Nebel gave a forum to Otis T. Carr, an Oklahoman who claimed to have discovered the secret of flying saucer propulsion, by studying the works of Nikola Tesla. With some of his regular panelists, Nebel journeyed to Oklahoma City for the unveiling of Carr's saucer. (Carr was later convicted of fraud and jailed after he took several hundred thousand dollars from investors, and never produced his prototype.)

===Strange occurrences===
During a Thursday afternoon matinee at New York's Paramount Theatre, Nebel's friend, William Neff, a well-known conjuror, stepped into a spotlight in front of the curtain and began his performance. As Nebel watched, it seemed to him that he could see light through Neff's body, as if he were turning into frosted glass. Slowly, Neff became transparent, then disappeared completely, although his voice could still be heard. After a while, a faint outline like a very fine pencil sketch began to appear. A few minutes later, Neff gradually reappeared looking perfectly normal. The watching theatre audience assumed that the vanishing in front of their very eyes was a part of Neff's act.

As soon as the show was over, Nebel rushed backstage to ask Neff how he had done the vanishing trick. Neff seemed surprised at the question; he was not aware that he had "faded", but he admitted that the same thing had happened three years earlier at a theatre in Chicago. Nebel would later write this story in his book "The Way Out World" and could offer no explanation for it.

===Pranks===
Nebel was not above a few pranks, all in the name of showmanship and ratings: On one occasion, for example, he colluded with a friend to offer testimony supporting a guest's claims of astral projection.

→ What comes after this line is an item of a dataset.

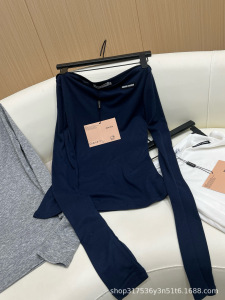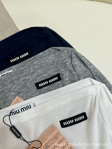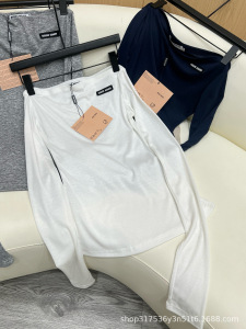 南油女装Miu家25年新品一字领字母贴布薄款打底修身百搭长袖T恤

Nebel spent weeks on his show developing a tale for his audience that the Empire State Building was rotated on giant ball bearings in the wee hours of the morning. At first Nebel said the motion was almost imperceptible. As the prank developed over time, Nebel began telling callers that if they visited the Empire State Building very late at night, they would find the shops at ground level had switched location to the block around the corner.

Nebel also was fond of telling his audience that the finest candle wicks were grown on "wick farms" located in the Midwest.

The fact that Nebel's second wife, Candy Jones, claimed to have been the subject of Central Intelligence Agency experiments in mind-control was discounted as a prank by those who pointed out his history of promoting hoaxes. Nebel, on the other hand, said that he believed what Jones had revealed to him under hypnosis, and never believed that her story was false in any way.

==Influence==
Jackie Gleason wrote in his introduction to Bain's biography of Nebel: "Why is [Nebel] so strangely entertaining? ... because the best entertainment is entertainment that opens your mind and tells you the world is bigger than you thought it was."

Radio historian Michael C. Keith wrote: "Few people before or since have brought to all-night radio the kind of ingenuity, originality and variety that Nebel did. He represents one of post-World War II radio's creative high points and another example of the special nature of overnight programming ... He would come to be regarded as one of after-hours radio's true pioneers."

Nebel was a formative influence on talk radio: Donald Bain noted that in the early 1970s, "Fledgling (radio) announcers at broadcasting schools around the country were played tapes of Nebel shows as part of their course study." Recordings of Nebel's shows have circulated among fans of esoterica for decades.

Nebel's format paved the way for later radio hosts, including Art Bell and George Noory of Coast to Coast AM, Hilly Rose, Jeff Rense, and Clyde Lewis, all of whom have broadcast shows on paranormal topics. English actor Colin Bennett called Nebel the Art Bell of his era.